One dynamic is clear though.

Just before he died, he had come to know and convey despite horrific suffering

That life in Christ is worthy of our primary focus. It supernaturally transcends the incredible chaos of our time whether it be in our own broken frame or the society at large.

I don’t think he lived this belief out perfectly in all areas of his world. But in conversation with me, his witness was clear: LIFE as in LIFE IN CHRIST is the most important matter of our days.

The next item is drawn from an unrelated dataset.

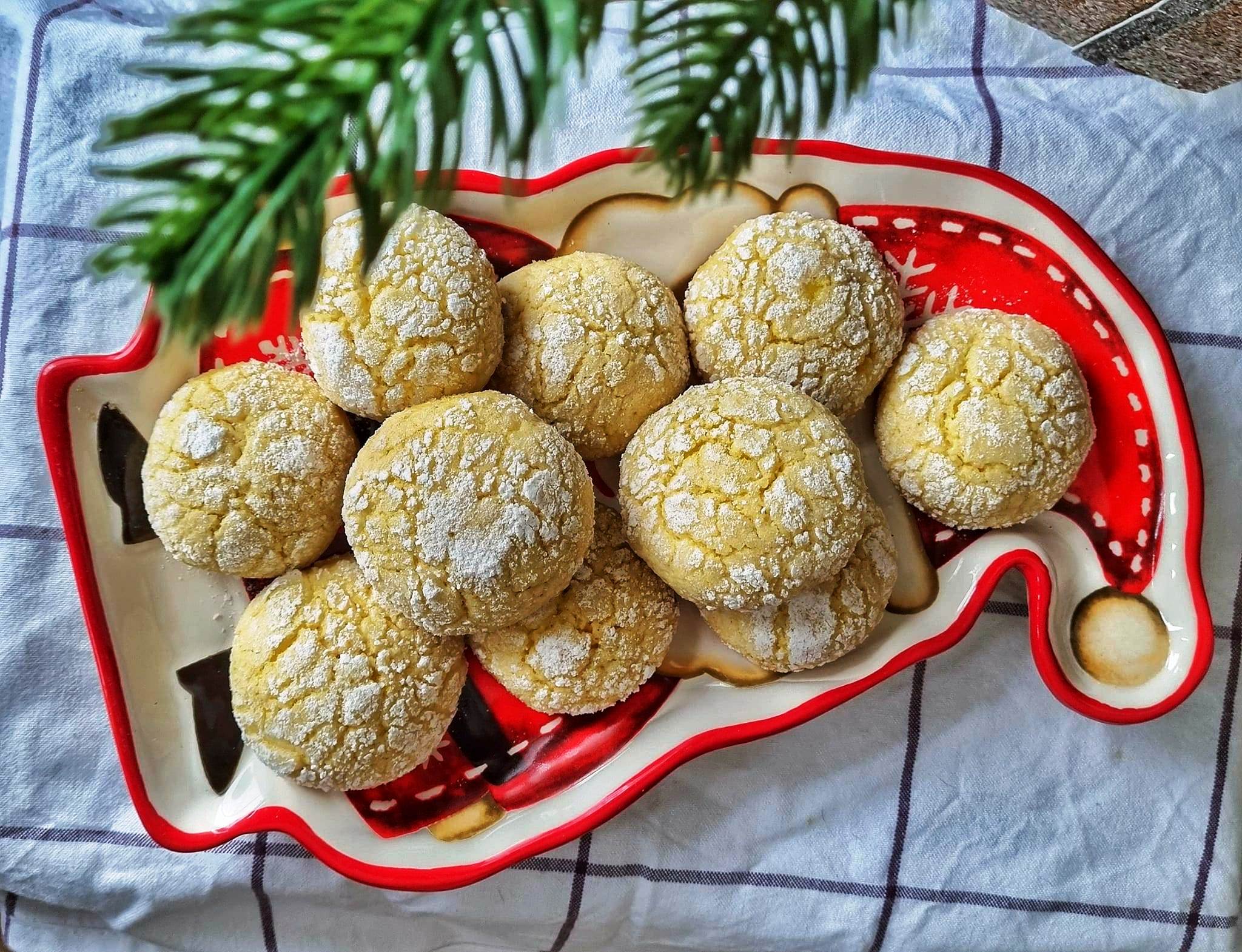 Ανακατεύουμε καλά προσθέτουμε το αλεύρι και το μπέικιν πάουντερ. Ανακατεύουμε όλα με μίξερ όταν γίνουν ένα ομοιογενές μείγμα το βάζουμε στο ψυγείο για 1 ώρα. Πλάθουμε μικρά μπαλάκια τα πιεζουμε λίγο με τις παλάμες και τα ριχνουμεμε σε άχνη ζάχαρη, τσ τοποθετούμε σε ένα ταψί στρωμένο με λαδόκολα και και ψήνουμε στους 180C για 15 λεπτά.

With this I find it curious that his final words to his companion and caregiver of many years were, “I don’t want to die.” But Mike, to live is Christ, to die is gain (Phil 1:21), ultimately to be with the Lord and perfectly whole. Why did you not give in to death when in a coma, when seizing, when facing searing pain and be truly free? No one would know and no one would blame you for letting go. You didn’t even do so until the Lord called you home. I am seeing in you this gift of perspective that I have not been able to realize in my own time of battling serious illness. You got it right! I need to get it right too.

Thousands of waking seizure attacks have ravaged my body over the past 8 years. The health complications that came along the way have brought much grief, guttural cries out to the Lord for relief. Experiencing my brain on fire when I am still awake has brought traumatization, triggered memories of past incidents of trauma, stirred emotions that took me down, down, down. If there was lingering bitterness from the abuse of my past then it had no where to go to heal when every month it seemed, there was a new medical problem/diagnosis/treatment to consume my days. Sure, I tried to live around the compendium of illness; weather sick or faking wellness, I see now that my focus has been in the wrong place too much of the time. I need more of Jesus Christ and less of everything else NO MATTER WHAT IS GOING ON AROUND OR WITHIN ME.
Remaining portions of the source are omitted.